Steven Watts spent five years researching and writing about the Michigan automaker.
Monday, August 1, 2005 | 12:00 a.m. CDT; updated 12:56 p.m. CDT, Sunday, July 20, 2008

Although most people associate Henry Ford with the assembly line and the Model T, MU history professor Steven Watts wanted his book to be about more than that. He wanted to convey that Ford’s mass production techniques encouraged the idea of consumer societies and the perception of America as the land of opportunity.

“The People’s Tycoon: Henry Ford and The American Century,” published by Knopf, is due to come out Aug. 9.

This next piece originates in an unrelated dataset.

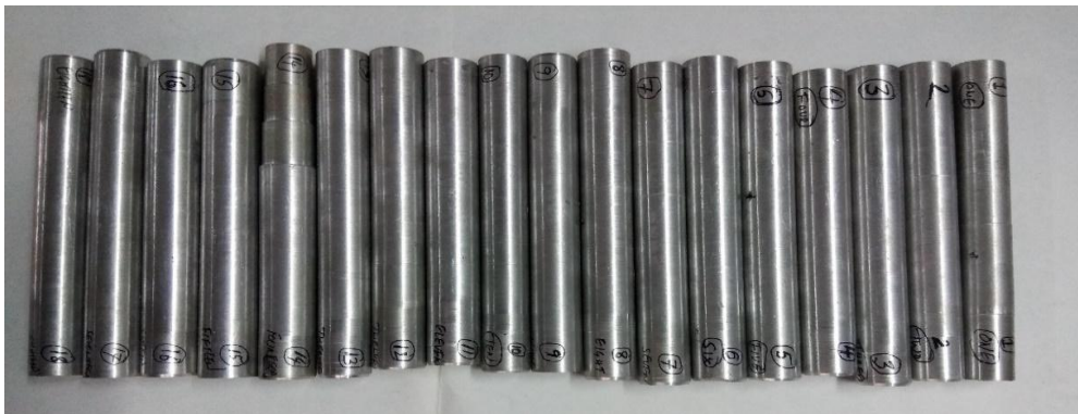
Figure 1. Specimens of A7075 reinforced with flyash and SiC.

Average surface roughness (Ra) of 16 specimens was measured with Surface Roughness measuring instrument Mitutoyo’s Surftest SJ-210. Surface roughness is measured at three different locations and average value is taken.

Ford was born July 30, 1863, near Detroit, Mich. Forty years later, he launched his now-famous Ford Motor Co., which created the Model T in 1908 and the first moving assembly line in 1913. Before the Great Depression, Ford produced 55 percent of all automobiles on the market. He was also the last auto maker to sign a contract allowing his workers to unionize and owned a controversial newspaper that published anti-Semitic articles. He died in 1947.

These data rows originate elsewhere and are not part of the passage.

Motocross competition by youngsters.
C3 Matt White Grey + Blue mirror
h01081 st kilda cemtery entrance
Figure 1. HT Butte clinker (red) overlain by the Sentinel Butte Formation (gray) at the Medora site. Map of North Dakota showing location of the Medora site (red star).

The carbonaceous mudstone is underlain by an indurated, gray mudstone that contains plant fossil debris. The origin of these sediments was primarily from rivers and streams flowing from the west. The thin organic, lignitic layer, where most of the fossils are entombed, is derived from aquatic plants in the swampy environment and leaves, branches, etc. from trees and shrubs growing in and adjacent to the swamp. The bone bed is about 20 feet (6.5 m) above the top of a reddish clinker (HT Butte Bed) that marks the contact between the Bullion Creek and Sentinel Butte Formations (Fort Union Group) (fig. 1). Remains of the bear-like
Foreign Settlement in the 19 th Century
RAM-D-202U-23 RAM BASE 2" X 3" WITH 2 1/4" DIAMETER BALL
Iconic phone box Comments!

Watts, who specializes in cultural and intellectual history in the United States, said he typically teaches about Ford in his classes. But he was not inspired to write about Ford until he was working on a book about Walt Disney, “The Magic Kingdom: Walt Disney and the American Way of Life,” and learned that Ford was an inspiration to Disney.

Ford inspired Disney for two reasons, Watts said. Disney visited Greenfield Village in Dearborn, Mich., during the late 1940s, where he had a chance to meet Ford. Greenfield Village, a replication of a village in America from the 1800s that Ford rebuilt, helped Disney come up with the vision for Disneyland, he said.

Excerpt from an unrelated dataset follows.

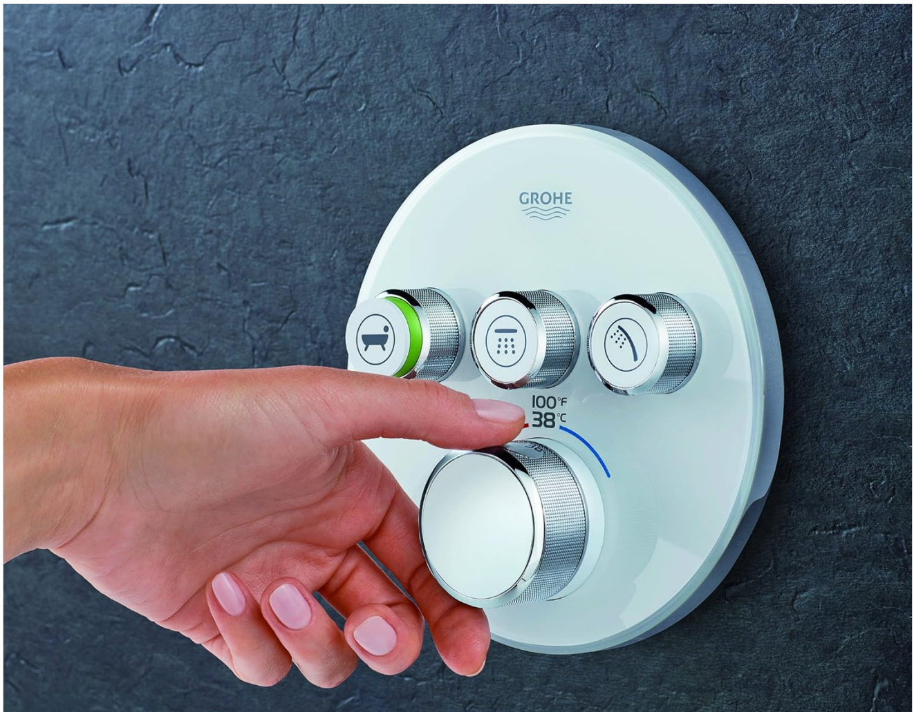
Figure 5: Adjusting Water Volume. This image shows a hand rotating a SmartControl button to precisely adjust the water flow from the chosen outlet.

“Disney also shared Ford’s regard for the common people,” Watts said. That regard was made evident in Disney’s Disneyland and Ford’s Model T.

Watts’ MU history colleagues Robert Collins and John Bullion each read chapters of the book before it was published.

“They made some suggestions and offered criticism,” Watts said.

“The book reminds one that here is someone who changed the world,” said Collins. “It is often easy to forget that there are such people who really do that.”

Bullion said Watts’ book will be recognized as “the definitive study of a man who had a greater impact upon the lives of people around the world than most presidents. (Watts) brilliantly describes how Ford was both a product of his culture and a molder of it.”

Watts, who took five years to write the book, researched the automobile giant at the Henry Ford Museum in Greenfield Village.

In September, Watts will set out on a two-month nationwide book tour, appearing at book signings, discussions and interviews.

A book signing at MU will be from 3 to 4 p.m. Sept. 13 at University Bookstore.

The Ford book is Watts’ fourth; his first two publications covered the early American Republic and were aimed at a professional audience. He is now working on a book about publishing magnate Hugh Hefner.

Watts said he is motivated to write because of intellectual curiosity and the joy of writing. He said that whereas his first two books were aimed at a smaller niche audience, his last two books — about Disney and about Ford — have broader appeal.

“When you write books that more people can relate to, you get good reviews and wider appreciation,” Watts said. “… You get the best of both worlds.”